> _What to produce_:
Print the listing below only from the line that has "Маркер-краска лаковый BRAUBERG" through the line that has "動く度に上品な揺れ感を生む、デザイナーこだわりの1着。", exactly, and drop any picture.

> _Information given_:
+ + +

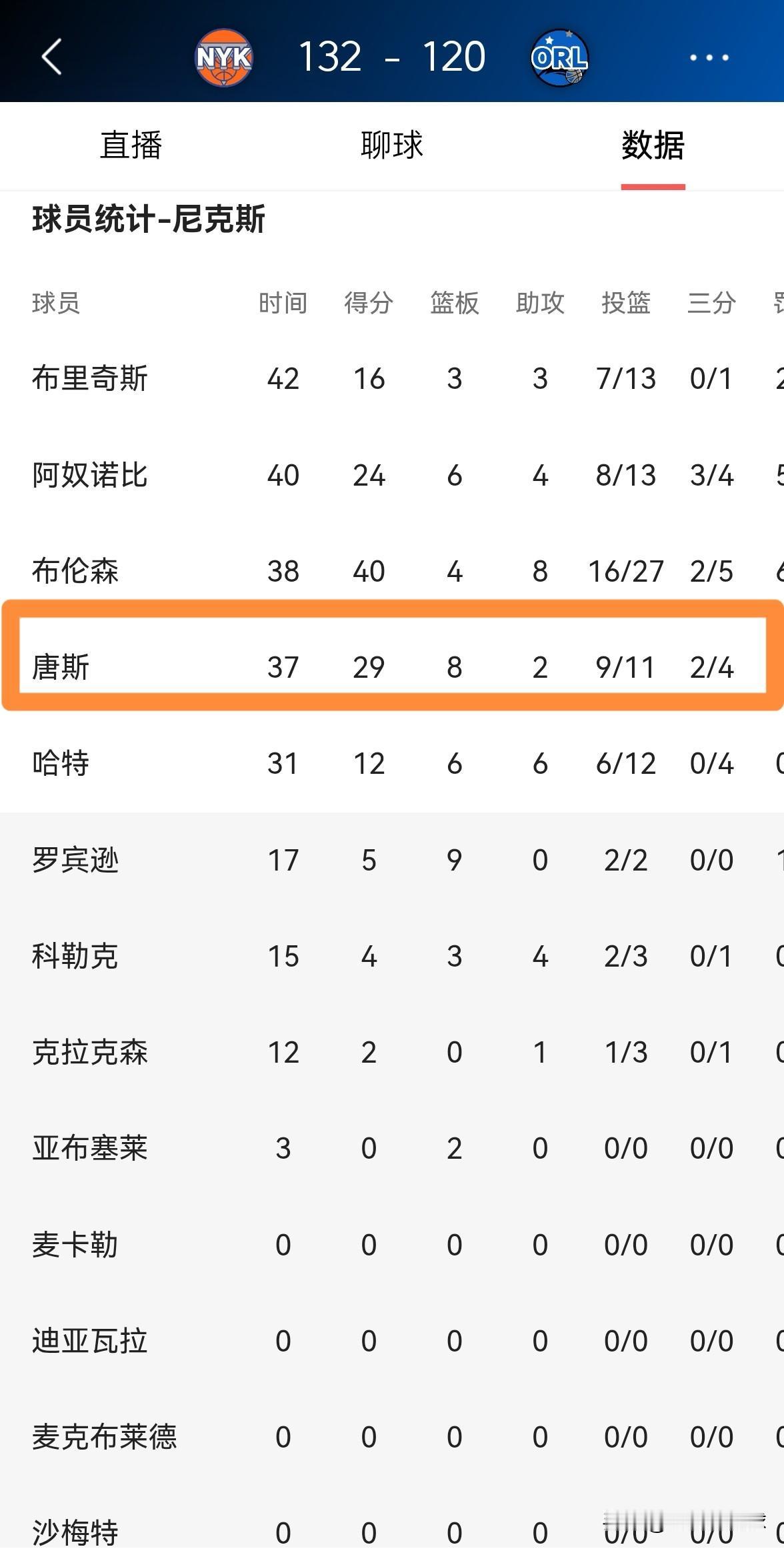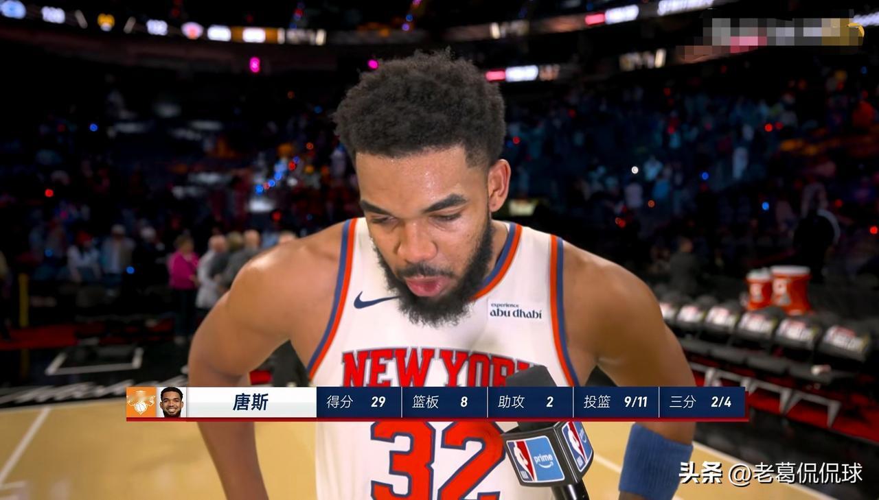 尼克斯当家中锋唐斯真是太强硬了!在今天尼克斯以132:120击败魔术的NBA杯半决赛中,唐斯在攻防两端都展现出了超强的侵略性。 全场比赛下来,唐斯首发出战37分钟,投篮11中9,其中三分球4中2、罚球10中9非常高效的砍下29分8篮板2助攻1抢断1盖帽,他的场上正负值为+12。 坦白说,尼克斯之所以能够杀进NBA杯决赛,唐斯绝对是功不可没。
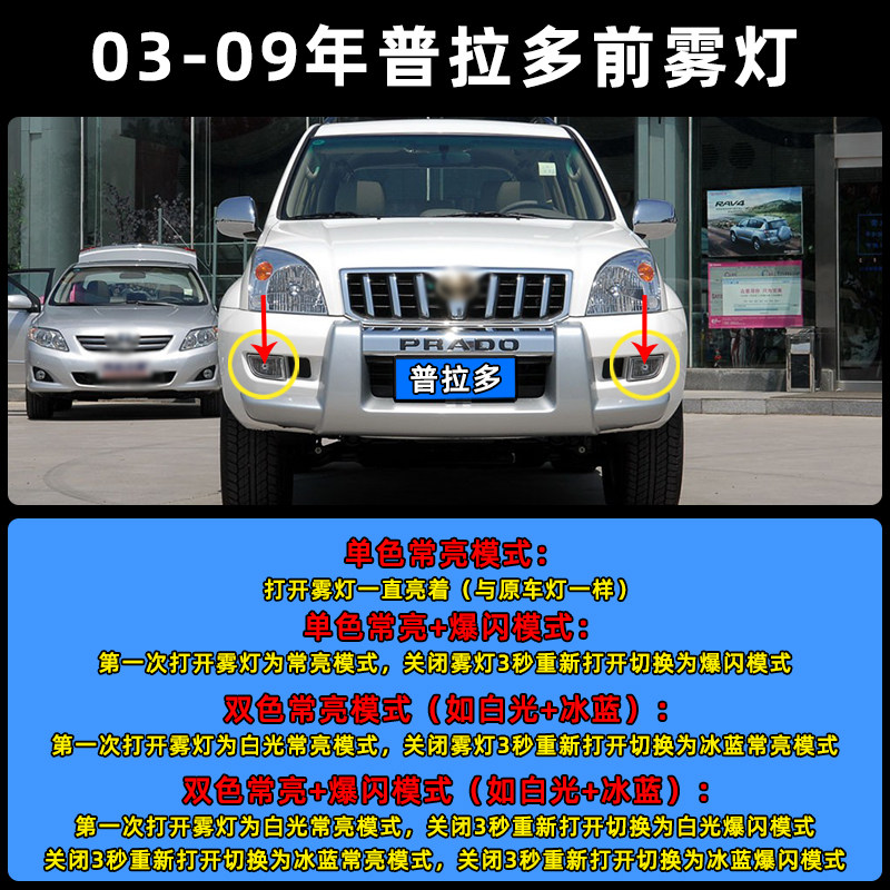 📚 适用03-09款丰田霸道普拉多超亮LED雾灯黄金光前雾灯灯泡改装配件
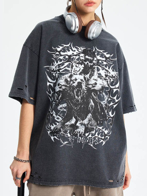 Unique Street Art Custom Black Washed Animal Print T-shirt Men
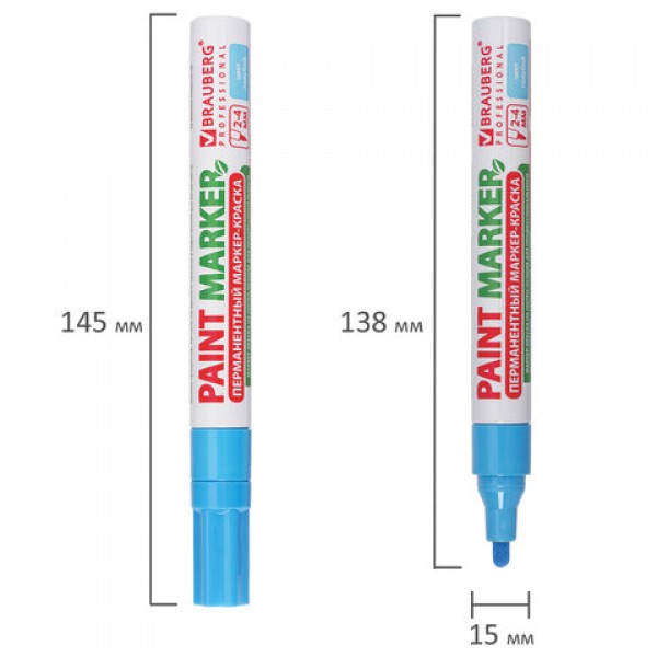 Маркер-краска лаковый BRAUBERG предназначен для маркировки различных материалов в промышленных условиях: бетона, дерева, стекла, металла, резины, пластика. Также подходит для творчества и декорирования.
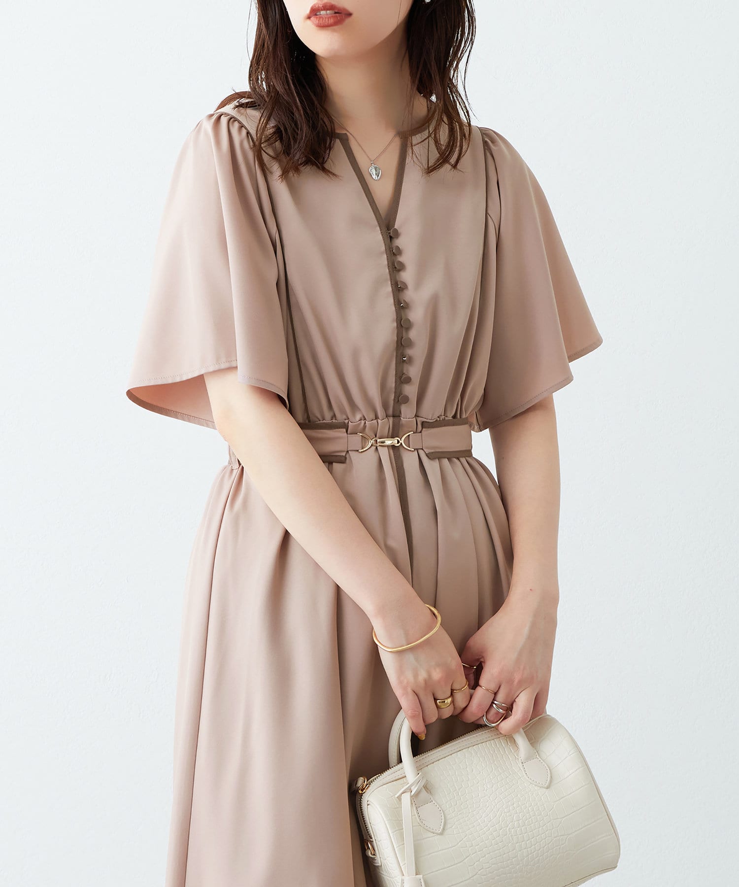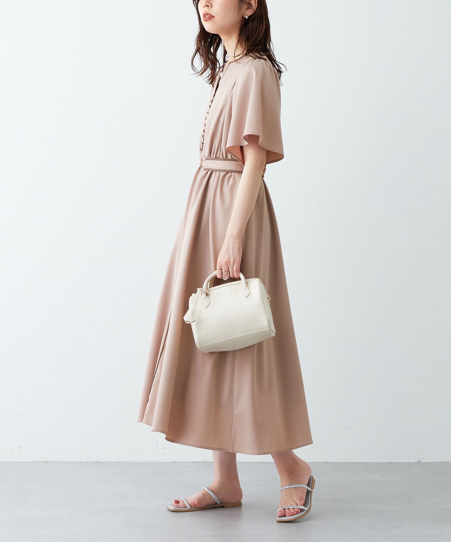 動く度に上品な揺れ感を生む、デザイナーこだわりの1着。
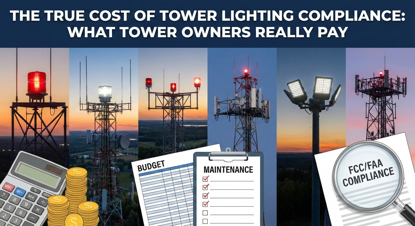 In this installment of our YouTube video series review, we'll cover the actual costs of ensuring your tower is lit correctly. Tower lighting is a critical part of aviation safety and federal compliance, but the true cost of tower ownership extends far beyond the obvious price of the lights themselves. To illustrate this, let’s break down the real monthly cost of operating a 300-foot painted FAA medium-intensity A1 tower using a legacy incandescent lighting system. To keep the analysis practical and budget-friendly, all costs are expressed on a monthly basis, which reflects how most operators track operational spending. Hard Costs: The Direct, Visible Expenses These are the line items that appear on invoices and budgets. 1. Lighting System Reserve • System purchase & installation: $17,980 • Depreciation: 12 years • Monthly cost: $125 2. Tower Painting Reserve • 300 ft painted tower • Cost: $40 per linear foot • Paint life: 7 years • Monthly cost: $140 3. Repairs & Compliance Documentation • One repair per year: $1,900 (parts + tower climb) • FAA paint card inspection & documentation: $233 annually • Monthly cost: $178 4. Quarterly On-Site Inspections • Required for compliance • Monthly cost: $89 5. Electrical Power • Legacy incandescent system • Average commercial electricity rates • Monthly cost: $60 6. Compliance Monitoring & Data • Monitoring unit installed: $1,900 • Depreciated over 7 years • Monthly service fee: $30 • Secure data plan: $10 • Monthly cost: $72 Total Hard Costs: $667 per Month This equals $8,004 per year for a single medium-intensity painted tower. Soft Costs: The Hidden Operational Burden Soft costs don’t show up on invoices, but they consume time, staff, and internal resources: • Coordinating tower climbs and repairs • Managing vendor schedules and contracts • Procurement and logistics • Site access and safety coordination • Documentation and recordkeeping • Internal compliance management These administrative burdens quietly inflate the real cost of tower ownership. Risk Costs: The Unpredictable Financial Exposure Even well-managed towers face uncontrollable risks: • Inflation: Rising labor, parts, and energy costs • Compliance risk: Missed inspections or documentation gaps • Capital shocks: Sudden lighting system replacements • Catastrophic events: Storm damage, equipment failures, accidents These risks can rapidly exceed annual budgets and disrupt operations. The Bottom Line: Ownership Is More Expensive Than It Looks Hard costs alone average $8,000 per year for a single FAA A1 medium-intensity painted tower. Once soft costs and risk exposure are included, the true financial burden is significantly higher. There Is a Smarter Way There is another model that can reduce your tower lighting costs by up to 50% while eliminating risk, compliance stress, and operational complexity. To learn more, explore our solution series or visit LumenServe.com to see how Tower Lighting as a Service® changes the economics of compliance. For more compliance guidance, check out our other educational series blog posts: 1. Tower Lighting Compliance Checklist: How to Stay FAA & FCC Compliant 2. What is a NOTAM? 3. Tower Lighting Inspections: FCC & FAA Requirements Every Tower Owner Must Know 4. Why Some Towers Rely on Paint Instead of Lights
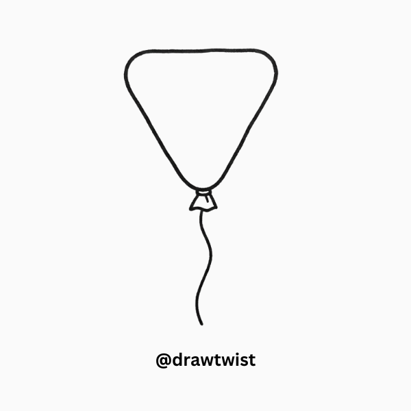 For the triangle balloon, the child draws three lines that connect to form a triangle. The corners should not be sharp. Add a small knot at the bottom and draw a string. This balloon is great for learning shapes while keeping drawing simple.
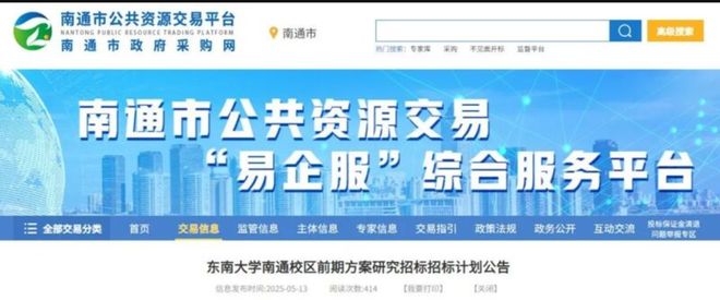 5月13日,南通市公共资源交易平台发布了《东南大学南通校区前期方案研究招标招标计划公告》。根据公告,东南大学南通校区项目计容面积约43万平方米,中标人须完成东南大学南通校区前期方案研究,合同估算价为1800万元。
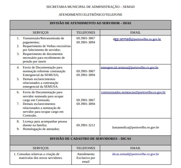 Enquanto durarem os efeitos do Decreto, o atendimento presencial na Secretaria Municipal de Administração (Semad) está interrompido. “Apenas atendimento ao público externamente está suspenso. O serviço não vai parar. Passa a ser feito remotamente por meios tecnológicos disponíveis, como apresentado no Anexo I da Portaria N°33/ASTEC/GAB/SEMAD, de 03 de março de 2021”, esclareceu o secretário Alexey da Cunha Oliveira.
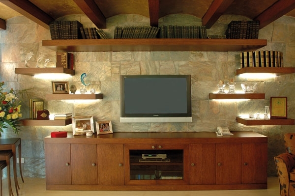 غرفة الجلوس العائلية إتسمت بالحميمة والألوان الدافئة، وحافظت في الوقت نفسه على رحابة المكان الذي بدا مضيئاً بفضل الواجهات الزجاجية الكبيرة. الكنبة الوثيرة متّصلة الأجزاء من البني والبيج والبوردو. الجدار المقابل تربّع في وسطه التلفزيون ولبس الحجر الهندي مضفياً دفئاً على المكان.

+ + +

> _Reply_:
 Маркер-краска лаковый BRAUBERG предназначен для маркировки различных материалов в промышленных условиях: бетона, дерева, стекла, металла, резины, пластика. Также подходит для творчества и декорирования.
 動く度に上品な揺れ感を生む、デザイナーこだわりの1着。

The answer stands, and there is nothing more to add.